Bloomberg: “Google must prove it can monetize AI beyond ads, and Hassabis needs one of his moonshots to finally become a viable business. His track record till now is sobering. For all the prestige of AlphaFold, the protein- structure predictor that’s accelerating the work of 3 million scientists, it has yet to produce any FDA-approved drugs. But if Google’s new glasses work and sell thanks in part to world models, that could put the company in the lead to find a killer app for AI. It will also determine whether Hassabis remains one of Google’s most decorated scientists, or becomes the architect of its next era.”
SaaStr: “The rise of agentic workflows has caused token consumption per task to jump 10x-100x since December 2023. Models like o3, DeepSeek R1, and Grok 4 introduced multi-step reasoning processes that generate massive reasoning outputs — and you pay for every token. One analysis found that when comparing the same coding task, an aggressive reasoning model generated 603 tokens where a simpler model generated 60 — a 10x cost jump for identical results, purely due to token bloat. Read that again. Per-token costs are falling. But total costs per task are rising.

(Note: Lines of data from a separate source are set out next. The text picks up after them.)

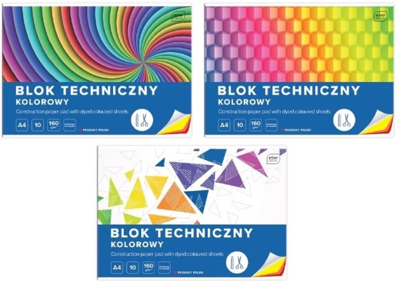 Blok techniczny A4 10 k 160g kolorowy INTERDRUK
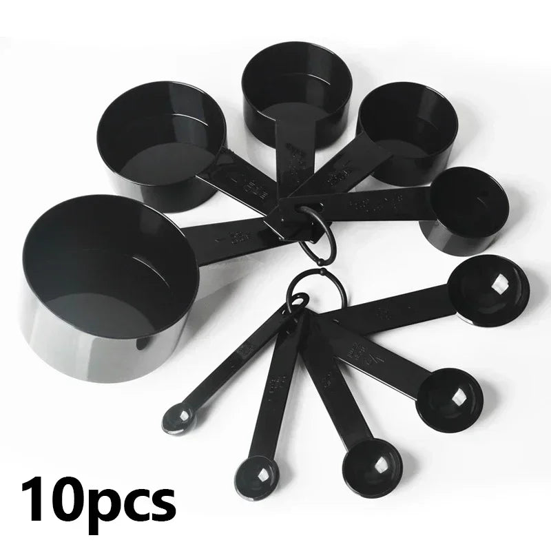 Complete set of measuring spoons and cups for precise baking and cooking. Multipurpose and durable kitchen essentials.
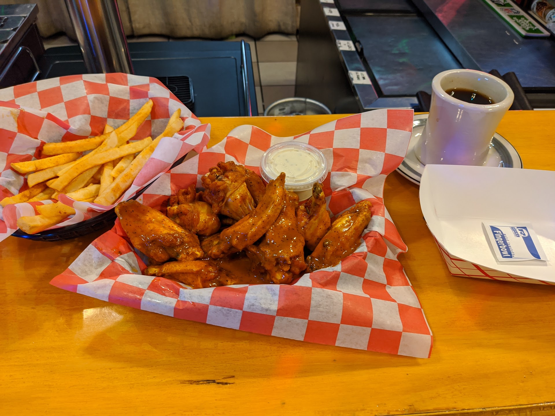My entire meal drink, wings, fries, and desert came out to 20.77 after tax which is quite reasonable for how much food there was. Attached is a copy of the receipt.
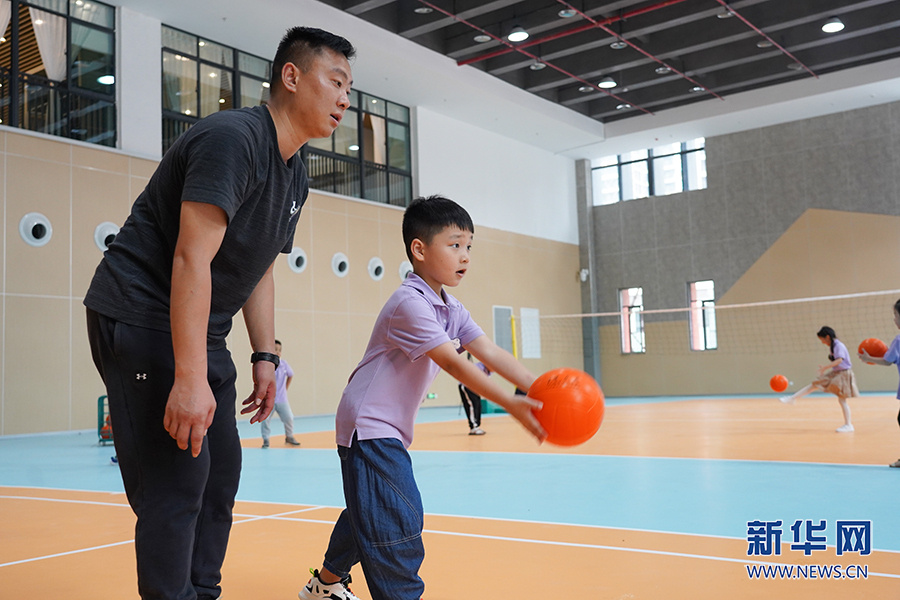 排球课上,同学们正在两两一组进行训练。新华网 刘文静 摄
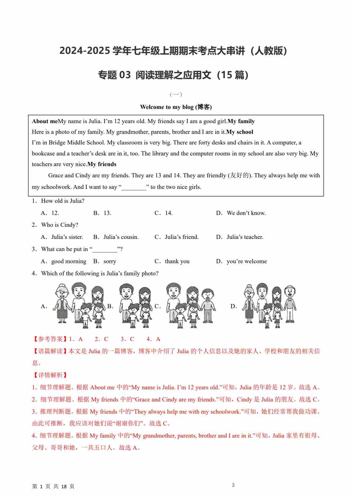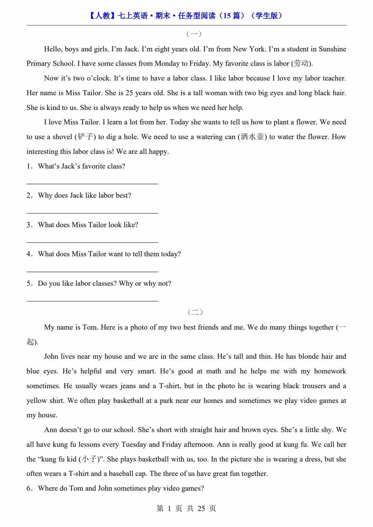 【人教】七上英语期末阅读理解之记叙文15篇
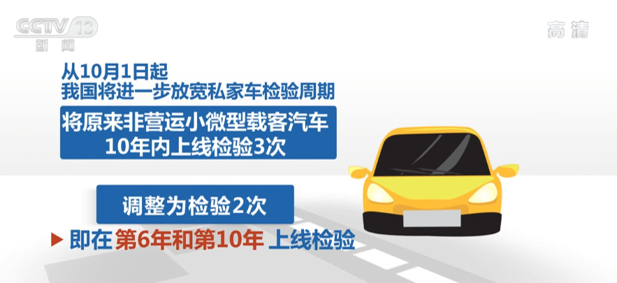从今天起,我国将进一步优化调整非营运小微型载客汽车也就是私家车,以及摩托车的检验周期。将原来非营运小微型载客汽车10年内上线检验3次,也就是在第6年、第8年、第10年检验,调整为检验两次,即在第6年和第10年上线检验;摩托车从今年10月1日起,也就是在第6年和第10年上线检验2次即可。对于超过10年的非营运小微型载客汽车和摩托车,今后将统一调整为每年上线检验1次。不过,在10年内,这两类车辆仍需每2年向公安机关申领1次检验合格标志。
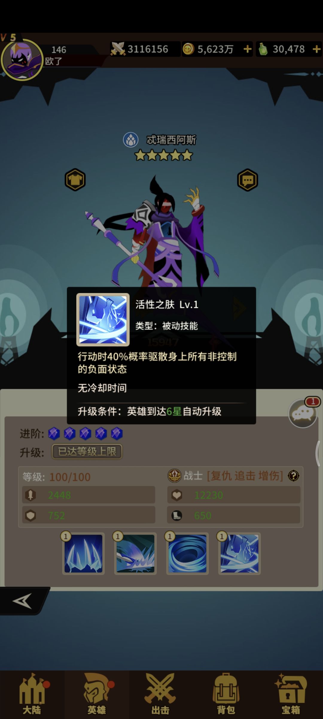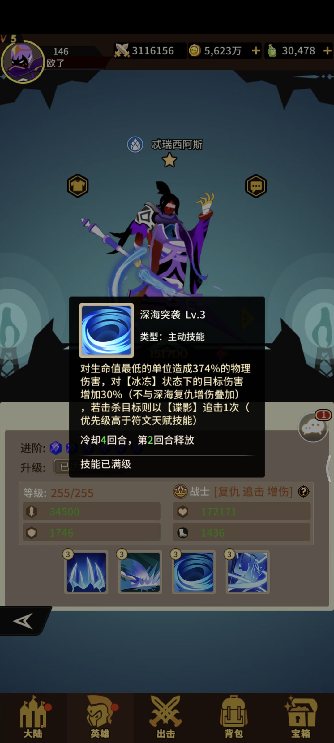 水系战士四技能!获取难度难!抽卡+宝箱+兑换!一技能打中后排两个附带吸血 二技能+攻击+生命+暴击 满级增加被打血量上限30%减少伤害20%附带深海复仇(优先打携带该状态的!增加30%伤害)三技能打生命最低的对冰冻状态敌人增加伤害!满级若击杀敌人一技能再追加一次 四技能行动时概率驱散异常状态前期非常好用的战士!值得拥有
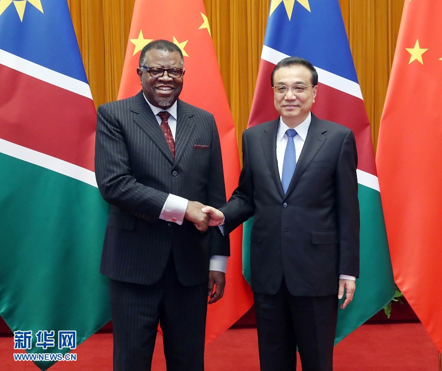新華社北京3月30日電(記者譚晶晶)國務(wù)院總理李克強(qiáng)30日下午在人民大會堂會見來華進(jìn)行國事訪問的納米比亞總統(tǒng)根哥布。
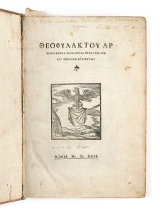 Premiere édition, selon Brunet, en grec des commentaires de Théophylacte d'Ochrid, ornée de la marque de l'imprimeur, Antonio Blado, gravée sur bois sur la page de titre.
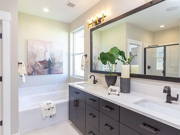 "The Kirkham" by Toll Brothers, is a large two-story home featuring a huge loft, formal dining, and the primary suite on the main floor. The grand open kitchen offers a large island with bar seating and lots of cabinets. Primary invites you with a soaking tub, full tiled shower, and a huge closet. Downstairs also find a secondary bed and bath, formal dining room and covered patio. Upstairs find three additional bedrooms with the large loft. Granite throughout. 3 car garage. Photos similar
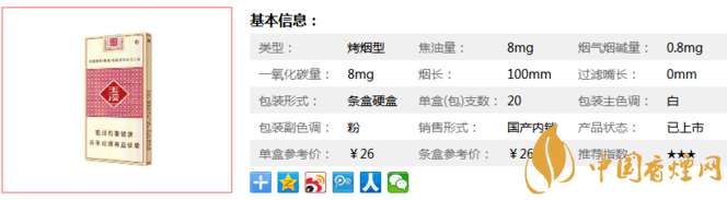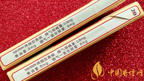類型 :烤煙型 焦油量 :8mg 煙氣煙堿量 :0.8mg 一氧化碳量 :8mg
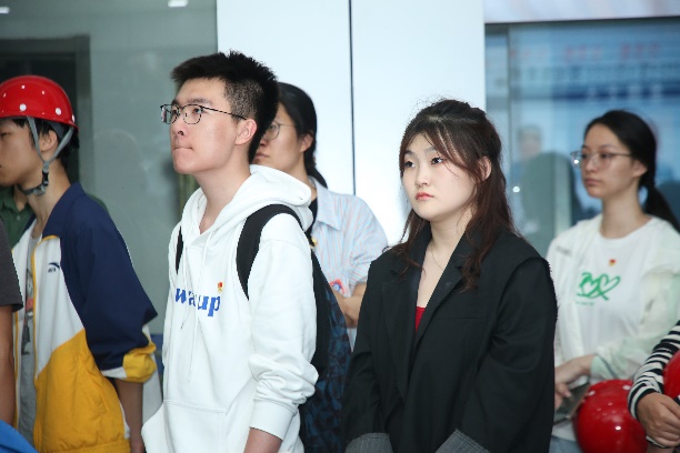 实践团队在当日上午7:00从学校出发,11:00到达唐山曹妃甸首钢京唐公司园区,在京唐公司销售管理部负责人带领下,首先来到公司指挥中心。在这里,公司讲解员首先结合沙盘介绍了公司发展沿革、公司生产布局和发展成就,其次在展览大厅介绍了公司产品种类以及产品在工业建设、民用生活中的广泛应用。其中“园区占地面积超过澳门行政区面积”,“国内唯一拥有临海靠港的单体千万吨级钢铁企业”,“废水零排放,获评环保绩效评级A级企业,具备高效率、低成本、循环经济的生产运行系统”等介绍令师生颇感震撼。同时,师生还借机品尝到了公司自主研发完成的海水淡化制造的纯净水,感受到了国有企业双碳减排的责任担当。
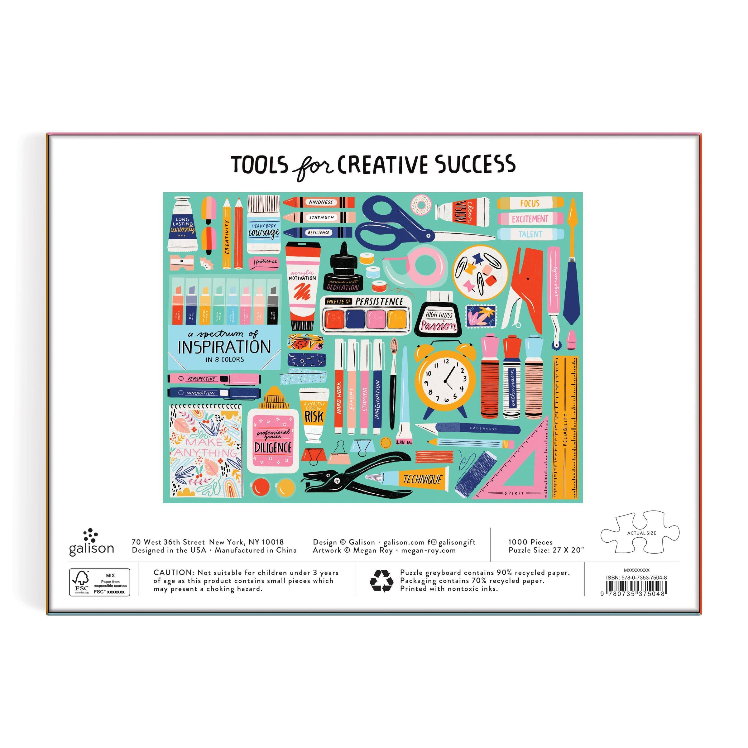 Tools for Creative Success 1000 Piece Puzzle from Galison showcases a variety of bright and colorful supplies like markers, pens, glue, scissors and more for a fun and challenging puzzle experience. Galison puzzles are packaged in matte-finish sturdy boxes, perfect for gifting, reuse, and storage. • 1000 pieces, Random cut • Box Size: 11.25 x 8.25 x 2", 86 x 210 x 51 mm, Puzzle Size: 27 x 20", 508 x 686 mm • Includes Color Puzzle Insert with Puzzle Image • Virtually No Puzzle Dust • Puzzle greyboard contains 90% recycled paper. Packaging contains 70% recycled paper and is made responsibly from FSC-certified material. Printed with nontoxic inks.
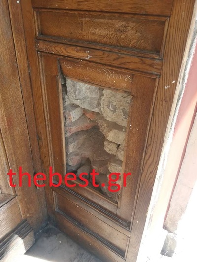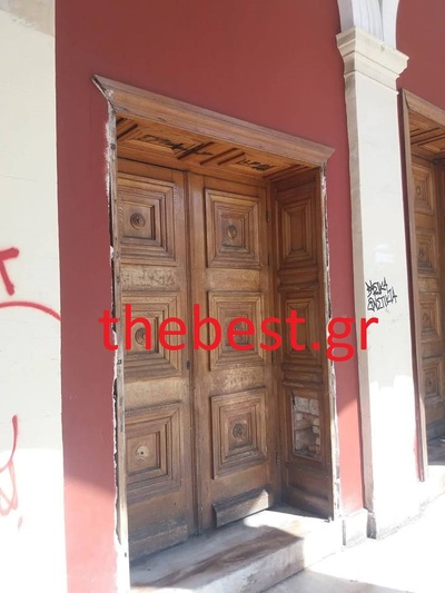 Απογοητευτική εί9ναι οι εικόνα του θεάτρου «Απόλλων», στην πλατεία Γεωργίου. Αυτή τη φορά, δεν έφταναν τα συνθήματα στους τοίχους του, άγνωστοι αφαίρεσαν τις ξύλινες επενδύσεις από την πόρτα και τις γέμισαν με σκουπίδια.
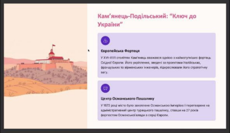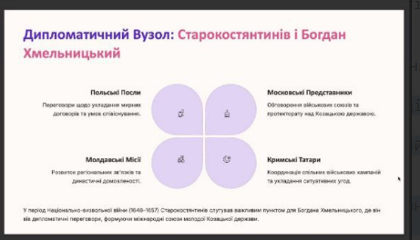 Equally engaging was the presentation by MM-220 student Volodymyr Musat, “International Relations of Khmelnychchyna,” as the lands of his home region have long been a strategic, trade, and cultural crossroads. He mentioned such fascinating places as the Kamianets-Podilskyi Fortress, Bakota, the impressive Starokostiantyniv, Medzhybizh, and Khmelnytskyi itself in the context of historical events.
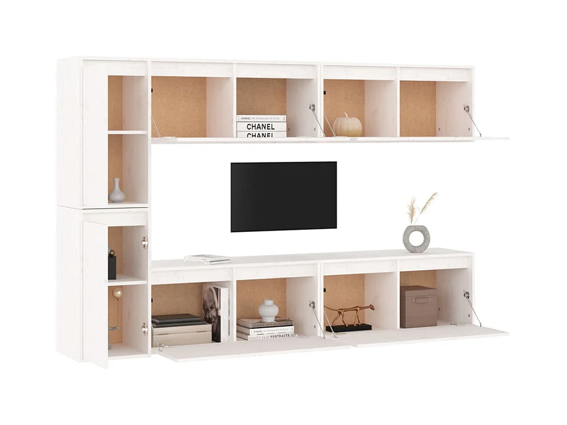 Mueble TV 6 piezas Blanco Madera maciza de pino
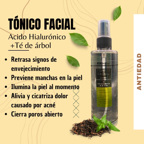 TÓNICO FACIAL DE ACIDO HIALURONICO + ÁRBOL DE TE, CONT.NET. 125 ML, SC-1210, ID: 3205

This is the treadmill problem. As a B2B startup, you’re constantly pressured to deliver better results. Better results require better models. Better models require more reasoning tokens. And reasoning tokens are expensive.”
Neuroscience News: “New theoretical framework argues that the long-standing split between computational functionalism and biological naturalism misses how real brains actually compute. The authors propose “biological computationalism,” the idea that neural computation is inseparable from the brain’s physical, hybrid, and energy-constrained dynamics rather than an abstract algorithm running on hardware. In this view, discrete neural events and continuous physical processes form a tightly coupled system that cannot be reduced to symbolic information processing. The theory suggests that digital AI, despite its capabilities, may not recreate the essential computational style that gives rise to conscious experience. Instead, truly mind-like cognition may require building systems whose computation emerges from physical dynamics similar to those found in biological brains.” WSJ: “More than 800 million people interact with ChatGPT alone every week, and some discover consciousness-like behaviors in contexts developers never anticipated. The question whether we’re building conscious machines is scientifically tractable. Major theories of consciousness make testable predictions, and leading researchers are developing methods to probe these questions rigorously. These technologies are advancing faster than our understanding of them. We need the intellectual seriousness to treat this as an empirical question, not something we can settle with dogma.”
Pushmeet Kohli: “What I see happening is a shift in how scientists spend their time. Scientists have always played dual roles—thinking about what problem needs solving, and then figuring out how to solve it. With AI helping more on the “how” part, scientists will have more freedom to focus on the “what,” or which questions are actually worth asking. AI can accelerate finding solutions, sometimes quite autonomously, but determining which problems deserve attention remains fundamentally human. Co-scientist is designed with this partnership in mind. It’s a multi-agent system built with Gemini 2.0 that acts as a virtual collaborator: identifying research gaps, generating hypotheses, and suggesting experimental approaches. Recently, Imperial College researchers used it while studying how certain viruses hijack bacteria, which opened up new directions for tackling antimicrobial resistance. But the human scientists designed the validation experiments and grasped the significance for global health.”